Okay, so none of those bogeymen fit. Could it be a lack of funding or a dearth of teachers? That was my next guess but Aldeman swats those aside convincingly as well. For instance, Indiana’s per-pupil spending during the bright years of increasing achievement was mostly flat. And spending actually started to increase around when achievement started falling. (To be clear, I’m not indicating that increased spending doesn’t matter or somehow perversely weakens outcomes. Nor do I think Aldeman thinks that. But it’s clear that spending on its own does not better outcomes achieve. To which you’re probably thinking, “Duh!” But I’m always wary of sounding like that neoliberal line of thinking that says, “Let’s cut school funding because public schools are failing kids,” which is complete nonsense.)
But is it a teacher supply issue? This was perhaps the data point that stunned me most from his piece. As of the most recent data, the teacher student ratio in Indiana is 15.8:1 compared to 17.4:1 a decade ago. So we actually have more teachers today than when these scores started declining.
(Join me over here for a not-so-brief aside. Perhaps the thornier part of the teacher supply idea is that while we have more teachers per student today than before they may 1) be less experienced or effective compared to the teachers of 10 years ago and/or 2) be less well distributed to schools that serve higher percentages of the students who need the best teachers the most. Aldeman does not tackle either of those points, for which I do not blame him in a piece whose brevity is part of its digestibility. On the effectiveness piece, Indiana is putting new muscle behind literacy training requirements for Hoosier educators related to the science of reading. While I applaud the move in principle, the roll-out of this requirement has been, well, less than ideal for teachers.)

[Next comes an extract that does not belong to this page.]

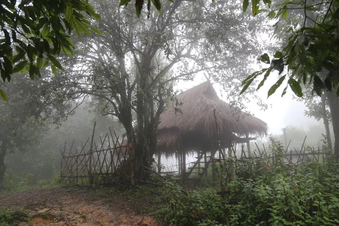 穿过竹林掩映的弯曲山路和热带地区独有的望天大树,我们终于停在了一片泥泞的路边。一下车是便感受到湿气迎面扑来,流动的雾气把一切事物的边界都变得模糊暧昧不清,雾气氤氲,仿若异世。奢侈地踩着树上落下的多依果往前,一间略有些歪斜的茅草屋渐渐从白雾中透出来。布满蜘蛛网的篱笆后是一张一米多见宽的竹编桌子,虽然有些破旧,在这样静谧的环境中有桌如此,多年前大概是用作弹琴会友的吧。“这是一间初制所。”同行人无情地打破了我的幻想。茅草屋左边还真是修了一座杀青灶台,不过谁说炒茶就和弹琴相互矛盾了呢。

So what is at fault? Aldeman admits the many factors at play certainly mean a confluence of issues and pressures could be driving scores down. But his central argument is this:
“The weakening of school accountability pressures after the No Child Left Behind Act was passed is responsible for a large portion of the drop. The timing of the change fits with the patterns both nationally and in Indiana. It also explains the growing achievement gaps. After state and district policymakers stopped focusing on the performance of kids at the bottom, their scores started to decline.”

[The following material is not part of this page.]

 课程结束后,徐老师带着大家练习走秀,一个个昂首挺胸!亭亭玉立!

Whatever you think of NCLB (I’m not sure where I land on it), I am compelled by this particular part of the quote: “After state and district policymakers stopped focusing on the performance of kids at the bottom, their scores started to decline.”
As I wrote about when we tackled the performance of Education Secretary Jenner, we as a state are increasingly focused on delivering support and resources to our lowest-performing students in reading. SEA 1 seems largely a doubling down on that direction (though there are good-faith disagreements to levy against it).
I’ll be interested to see what that chart looks like when it’s updated with data from 2023 and 2024. I suspect it’ll show us getting back on the right path. If it doesn’t, we’ll have to take a hard look at our current approach and interventions.
Either way, we have to ask a hard question: How can we make sure there’s never another lost decade for Hoosier youth?